Structure of representations of infinite dimensional Lie algebras and conformal field theory
University Of Illinois At Urbana-Champaign, Urbana IL
Investigators
Abstract
The main objectives of this project are explicit constructions of representations, related to the fermionic formulas for characters of representations of Virasoro or other W-algebras and affine Lie algebras. The project also uses the ideas encountered in fermionic constructions, to give formulas for graded multiplicities of irreducible modules in the tensor product of finite-dimensional Lie algebra modules, or integrable modules in the fusion product of affine algebra modules (coinvariants or conformal blocks).
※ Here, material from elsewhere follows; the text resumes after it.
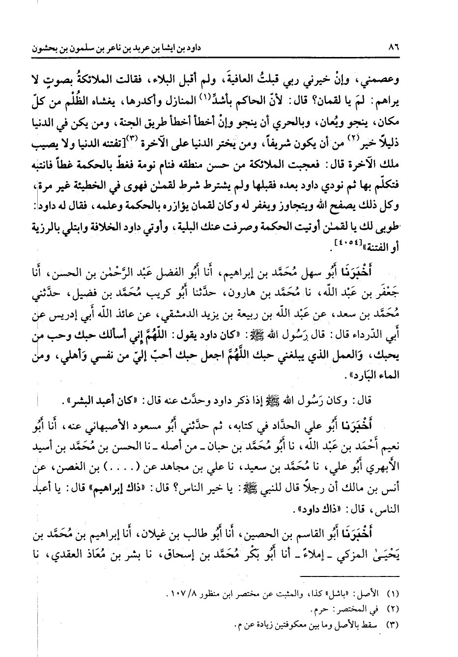 وعصمني وإن خيرني ربي قبلت العافية ولم أقبل البلاء فقالت الملائكة بصوت لا يراهم لم يا لقمان قال لأن الحاكم بأشد (1) المنازل وأكدرها يغشاه الظلم من كل مكان ينجو ويعان وبالحري أن ينجو وإن اخطأ أخطأ طريق الجنة ومن يكن في الدنيا ذليلا خير (2) من أن يكون شريفا ومن يختر الدنيا على الآخرة (3) تفتنه الدنيا ولا يصيب ملك الآخرة قال فعجبت الملائكة من حسن منطقه فنام نومة فغط بالحكمة غطا فانتبه فتكلم بها ثم نودي داود بعده فقبلها ولم يشترط شرط لقمان فهوى في الخطيئة غير مرة وكل ذلك يصفح الله ويتجاوز ويغفر له وكان لقمان يؤازره بالحكمة وعلمه فقال له داود طوبى لك يا لقمان أوتيت الحكمة وصرفت عنك البلية وأوتي داود الخلافة وابتلي بالرزية أو الفتنة أخبرنا أبو سهل محمد بن إبراهيم أنا أبو الفضل عبد الرحمن بن الحسن أنا جعفر بن عبد الله نا محمد بن هارون حدثنا أبو كريب محمد بن فضيل حدثني محمد بن سعد عن عبد الله بن ربيعة بن يزيد الدمشقي عن عائذ الله أبي إدريس عن أبي الدرداء قال قال رسول الله (صلى الله عليه وسلم) كان داود يقول اللهم إني أسألك حبك وحب من يحبك والعمل الذي يبلغني حبك اللهم اجعل حبك أحب إلي من نفسي وأهلي ومن الماء البارد قال وكان رسول الله (صلى الله عليه وسلم) إذا ذكر داود وحدث عنه قال كان أعبد البشر أخبرنا أبو علي الحداد في كتابه ثم حدثني أبو مسعود الأصبهاني عنه أنا أبو نعيم أحمد بن عبد الله نا أبو محمد بن حبان من أصله نا الحسن بن محمد بن أسيد الأبهري أبو علي نا محمد بن سعيد نا علي بن مجاهد عن بن الغصن عن أنس بن مالك أن رجلا قال للنبي (صلى الله عليه وسلم) يا خير الناس قال ذاك إبراهيم قال يا أعبد الناس قال ذاك داود أخبرنا أبو القاسم بن الحصين أنا أبو طالب بن غيلان أنا إبراهيم بن محمد بن يحيى المزكي ملاء أنا أبو بكر محمد بن إسحاق نا بشر بن معاذ العقدي نا

Some of the specific goals are: The study of fusion products of representations of finite-dimensional simple Lie algebras; the inductive limit of the fusion product as the number of factors becomes infinite in a stabilized regime, which is expected to give new realizations of integrable modules of affine Lie algebras; combinatorial identities for q-series which result from these constructions; semi-infinite constructions of arbitrary highest weight representations of affine Lie algebras modules; and applications of semi-infinite (c.f. Feigin and Styoanovskii's approach) constructions in solutions of the fractional quantum Hall effect. This research is at the interface of combinatorial representation theory and mathematical physics. The constructions are guided by conformal field theory and exactly solvable models in statistical mechanics. The results are important in the representation theory of Lie algebras and affine Lie algebras. Combinatorial questions such as dimensions of weight spaces in irreducible representations, multiplicities of irreducible components in tensor products of Lie-algebra modules are related to the counting of certain matrix elements or conformal blocks. The physical applications include the study of wave functions in the quantum Hall effect, and partition functions in statistical mechanical systems at criticality.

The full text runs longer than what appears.